# VHF2L+2 Levels=F2l+OLL Skip



## BatafCube (Dec 29, 2009)

So i was plaing with VHF2L(only the cases where the 2 f2l pieces are paired up) and i got a OLL skip and then this idea came to my head.Why doesn't some1 make a list of F2L algorithm where the f2l pair is paired(so much less cases) and does a OLL at the same time?I call it VHF2L+2 levels.Because VHF2L+1 level=ZBF2L.

I am going to show you whit a solve:
Scramble:R U R' U' R' F R2 U' R' U' R U R2 F' R U R U R' U2
Look how the F2L pair is paired.Now do EO+CO at the same time+solving F2L.
Solve:U2 R U' R' U' R' F R F'
You have a forced OLL skip.And then just the PLL (

The number of Algs will be 54(the number of WV)*8(the number of VHF2L)=432 algs.Only with 130 algs more then ZBF2L,but this new F2L strategy+PLL(453) is still less then Full ZB(800).

What do you think for this idea?


----------



## miniGOINGS (Dec 29, 2009)

Well, you still have to pair up the corner and edge.


----------



## BatafCube (Dec 29, 2009)

miniGOINGS said:


> Well, you still have to pair up the corner and edge.



So?That is done in 1-2 sec MAX.


----------



## miniGOINGS (Dec 29, 2009)

BatafCube said:


> miniGOINGS said:
> 
> 
> > Well, you still have to pair up the corner and edge.
> ...



Yea, but for only a couple of moves you could solve the entire F2L. That's like 0.5 seconds MAX.


----------



## BatafCube (Dec 29, 2009)

miniGOINGS said:


> BatafCube said:
> 
> 
> > miniGOINGS said:
> ...



Yes,but now OLL skip


----------



## miniGOINGS (Dec 29, 2009)

And how is recog going to be?


----------



## BatafCube (Dec 29, 2009)

miniGOINGS said:


> The beginning of the scramble is a T Perm with the last R' as an R2.



The important thing is to get the right idea


----------



## BatafCube (Dec 29, 2009)

miniGOINGS said:


> And how is recog going to be?



Well recognie first the VH/WV then WV/VH.Just like in ZBLL first COLL then the EP.


----------



## 4Chan (Dec 29, 2009)

54 algs for WV?
I thought it was 27. d:

This idea seems familiar, as if someone has thought of it before.
My intuition is telling me that your numbers are off. Also, by a wide margin.


----------



## miniGOINGS (Dec 29, 2009)

Yea, I was joking about the grammer thing.

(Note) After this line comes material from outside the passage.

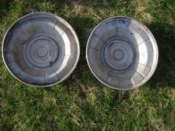I have a pair of Rambler Dogdish Hubcaps. not sure what year they fit, they have dents still look good for your car or garage wall 20.00 for the pair CASH ONLY

You caught me.



BatafCube said:


> miniGOINGS said:
> 
> 
> > And how is recog going to be?
> ...



This only works if you're using the front right slot. I don't know how good it will be.


----------



## 4Chan (Dec 29, 2009)

Err, if you're proposing to do OLL like that, the number is algorithms is MUCH higher than what you stated.


----------



## BatafCube (Dec 29, 2009)

4Chan said:


> 54 algs for WV?
> I thought it was 27. d:
> 
> This idea seems familiar, as if someone has thought of it before.
> My intuition is telling me that your numbers are off. Also, by a wide margin.



There are 27 for when the pair is in the R layer and 27 for when the pair is in the F layer.

NOTE:I am not from America or the UK so please don't yell when i make mistakes.


----------



## 4Chan (Dec 29, 2009)

Ah , I realized it was a mirror, so I deleted the post.


----------



## BatafCube (Dec 29, 2009)

4Chan said:


> Err, if you're proposing to do OLL like that, the number is algorithms is MUCH higher than what you stated.



Mathematically 8(the VH algs)*54(WV algs)=432


----------



## 4Chan (Dec 29, 2009)

Hm, okay.
Go for it.


----------



## miniGOINGS (Dec 29, 2009)

Isn't the exact chance of an OLL skip? Ex 1/x for an OLL skip (I forget) = x number of algs needed.


----------



## BatafCube (Dec 29, 2009)

4Chan said:


> Hm, okay.
> Go for it.



I don't know.....


----------



## Athefre (Dec 29, 2009)

It depends on the amount of moves. Since you are creating a pair both in normal Fridrich and this WV+VH idea and both involve recognizing a case (OLL and the WV+VH), the advantage your idea has here is:

Normal Fridrich (Cross, 4 pairs, OLL, PLL) minus the time it takes to *insert* the pair.

Again, it depends on the amount of moves, the above is considering that the average move count for the memorized cases would be around the same as OLL. WV averages 8 moves, if you can get a move count around that you would have an even greater advantage. Also, the recognition time has to be the same as OLL, which seems possible.


----------



## Zarxrax (Dec 29, 2009)

I don't see the advantage of this.

With the normal way: Look for the last f2l pair, solve it, look for the OLL, solve it. 2 looks.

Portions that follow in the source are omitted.